Technically, this review could be one line long. Gattu is a really wonderful, sweet film. You must go and watch it. There, you have the verdict. But it’s not enough, is it? Readers will want to know why. And so here are the reasons.
After his day at the school, Gattu lies on the floor of his tenement, twirling the long, long sleeve of his adult shirt in his hand, asking his scrap dealer kabaadi guardian uncle whether his father will ever be back? Or whether his parents would ever have sent him to school if they had lived with him? He sighs after he hears of how his father abandoned him. He is not stricken or sorry, just curious.
Gattu has wide, expressive eyes, unguarded looks, impish charm, and ambition. He runs around busily collecting scrap in the small bylanes in Roorkee. But his eye is on Kali, the monster kite who nobody in the city has been able to defeat so far. His dream is to katao Kali. But to do that he needs to be on a higher ground, the terrace of a school in the area. And thus, Gattu enters school, armed with a stolen uniform, a comic book and a self-made omlette sandwich for lunch. During classes, he keeps staring at the terrace, forbidden to the students, plotting how to reach it and defeat Kali. He does too, with a really bizarre schoolboy strategy with his newly acquired middle class schoolmates.
This is a warm, tender film although its conclusion and wrap-up a trifle too simplistic for the kind of depth it achieves through its build-up. The cast is perfect; fresh and fun.
Mohammed Samad is a rockstar, his Gattu is sweet and shrewd and utterly lovable. He steals, he lies, he cheats, he repents and he apologises. And he gets what he wants.

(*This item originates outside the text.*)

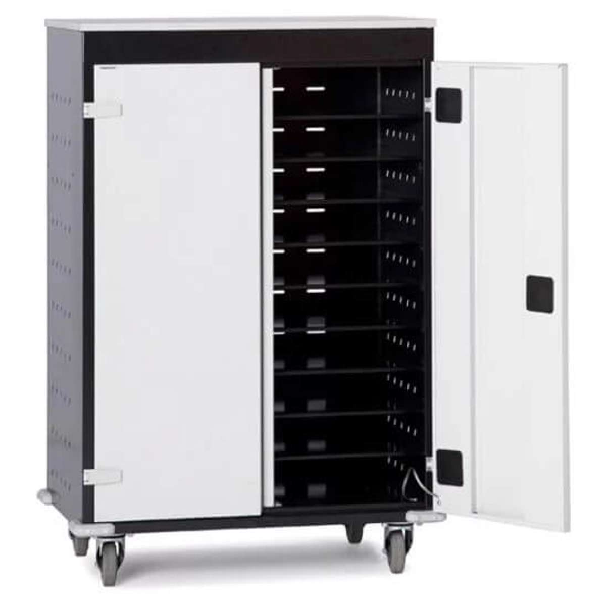 Praktiske mobile computer-skabe med 20 rum - h x b x d = 1250 x 920 x 500mm, for opbevaring og ladning af laptops og mobiltelefoner. Computer-skabet har en solid konstruktion med to låsbare døre, solid cylinderlås, store letrullende låsbare hjul og praktisk håndtag for let håndtering af vognen. Hvert rum har eget strømudtag (shukostik til opladning). Tilkobling til el-net via en fælles tilkobling med egen 16A sikring og overspændingsværn. Modellen har sekventiel strømstyring til hvert rum, således at ikke alle ladestationer starter samtidigt. Dette er for at varetage el-sikkerheden. Leveres standard i miljørigtig pulverlakering, sort kabinet RAL 7021 og lys grå døre RAL 7035 samt en lysegrå topplade.

But of course by then we know the film is not about what Gattu wants. It’s about what we want for Gattu. It is about basic opportunities Gattu and, really so many children in our country, miss out on because of illiteracy, poverty and indifference. It is about the lack of security, emotional and financial, in their lives. But what is gratifying is that Gattu gets all that we want for him too. That’s where Gattu scores; that it makes us aspire to see him in all the children around us.